■ **WHAT THE TASK ASKS**:
The expected output is the line with "为深入学习贯彻党的二十大和二" plus all lines after it to the end of the material below, reproduced exactly, with pictures omitted and nothing else included.

■ **COLLECTED DATA**:

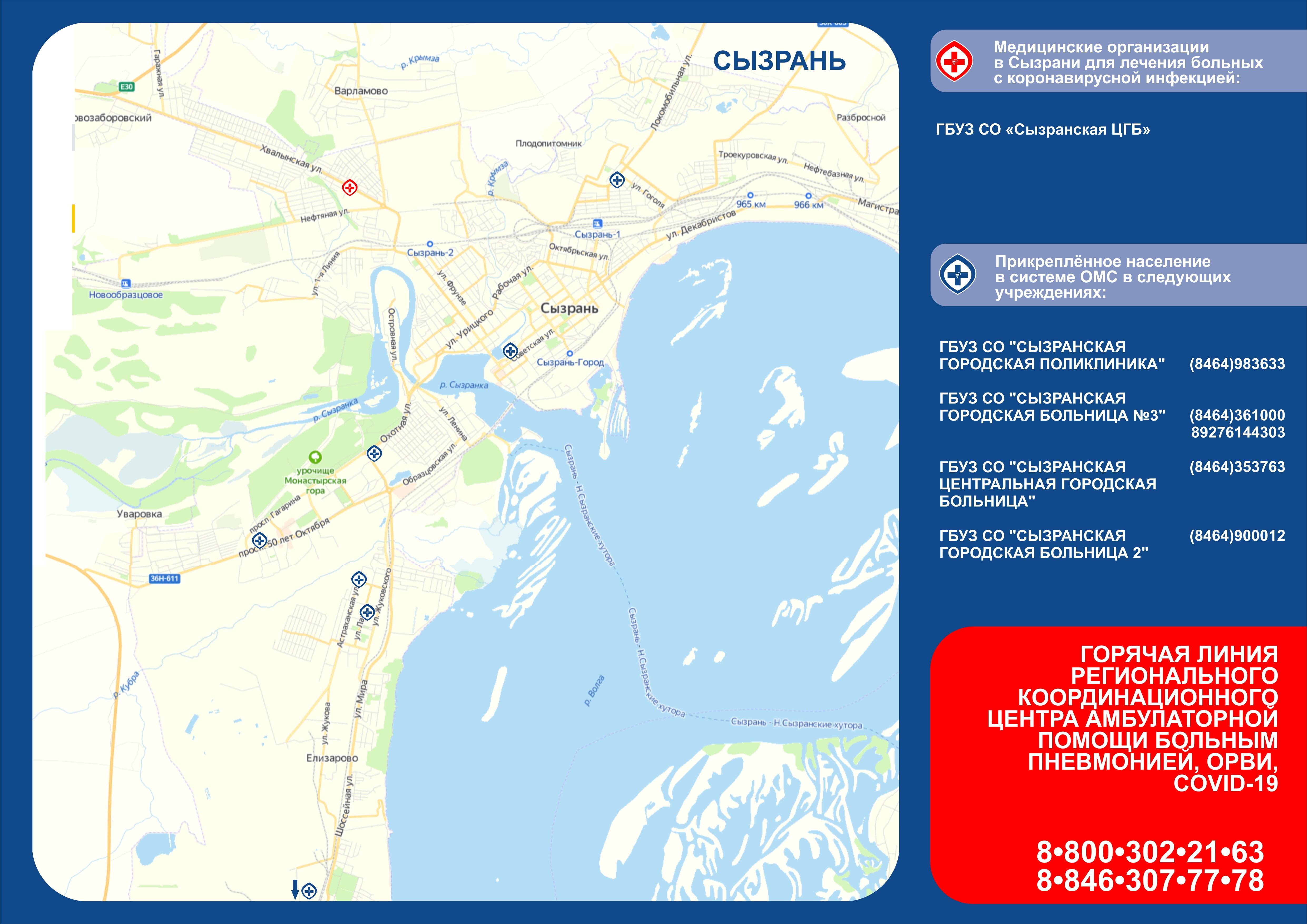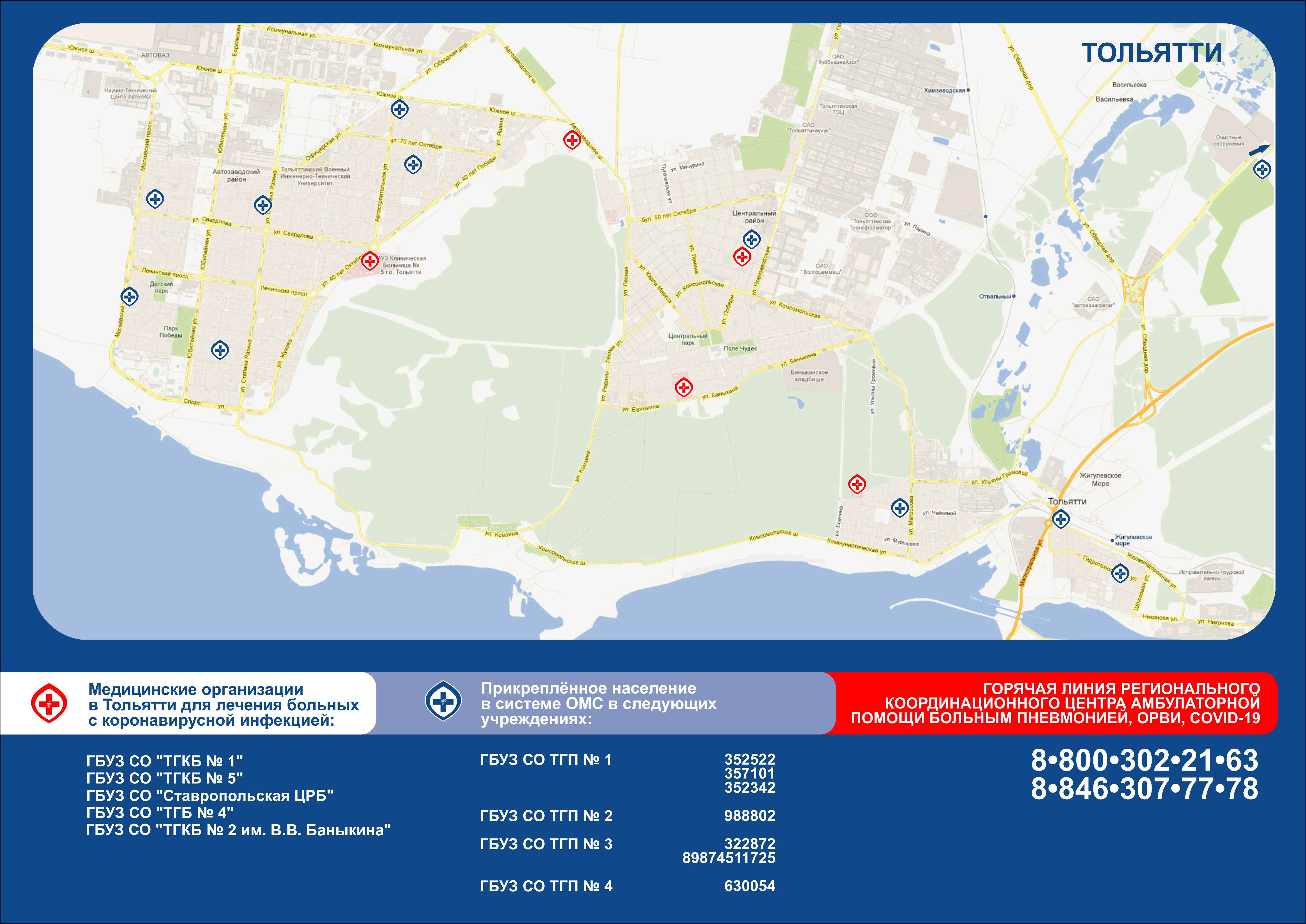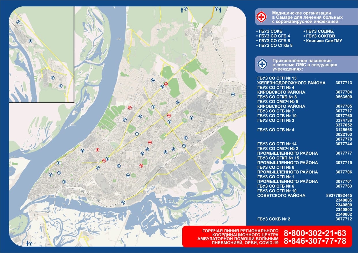 Минздрав Самарской области составил в помощь жителям информационные карты для обращения в медучреждения Самары, Тольятти и Сызрани. В них представлены адреса и телефоны больниц.
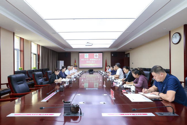 为深入学习贯彻党的二十大和二十届三中全会精神,全面落实党中央、国务院关于加快南疆高等教育发展重大决策部署,9月7日上午,喀什大学党委书记丁邦文一行来太阳成官网调研交流。校党委书记葛国,校党委常委、副校长王世杰,校党委常委、组织部部长胡毅涛出席座谈会,人事处、发展规划处、计财处、马克思主义学院、教育科学学院相关负责同志参加座谈。座谈会由校党委常委、副校长王世杰主持。
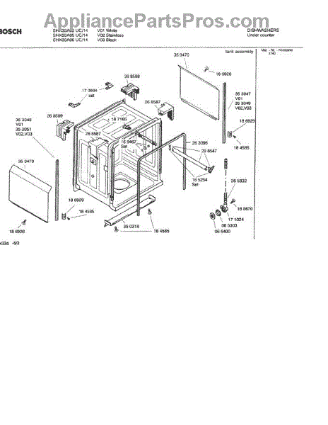 The Mounting Bracket Set is an OEM replacement part for Bosch dishwashers. Comprised of heavy-duty brackets and mounting fasteners, this set securely anchors the dishwasher to surrounding cabinetry. Causes involve normal stress and fatigue of mounting points from years of use, and cycles of expansion and contraction. Symptoms of faulty or damaged mounting brackets include:

■ **COMPLETED TASK**:
 为深入学习贯彻党的二十大和二十届三中全会精神,全面落实党中央、国务院关于加快南疆高等教育发展重大决策部署,9月7日上午,喀什大学党委书记丁邦文一行来太阳成官网调研交流。校党委书记葛国,校党委常委、副校长王世杰,校党委常委、组织部部长胡毅涛出席座谈会,人事处、发展规划处、计财处、马克思主义学院、教育科学学院相关负责同志参加座谈。座谈会由校党委常委、副校长王世杰主持。
 The Mounting Bracket Set is an OEM replacement part for Bosch dishwashers. Comprised of heavy-duty brackets and mounting fasteners, this set securely anchors the dishwasher to surrounding cabinetry. Causes involve normal stress and fatigue of mounting points from years of use, and cycles of expansion and contraction. Symptoms of faulty or damaged mounting brackets include:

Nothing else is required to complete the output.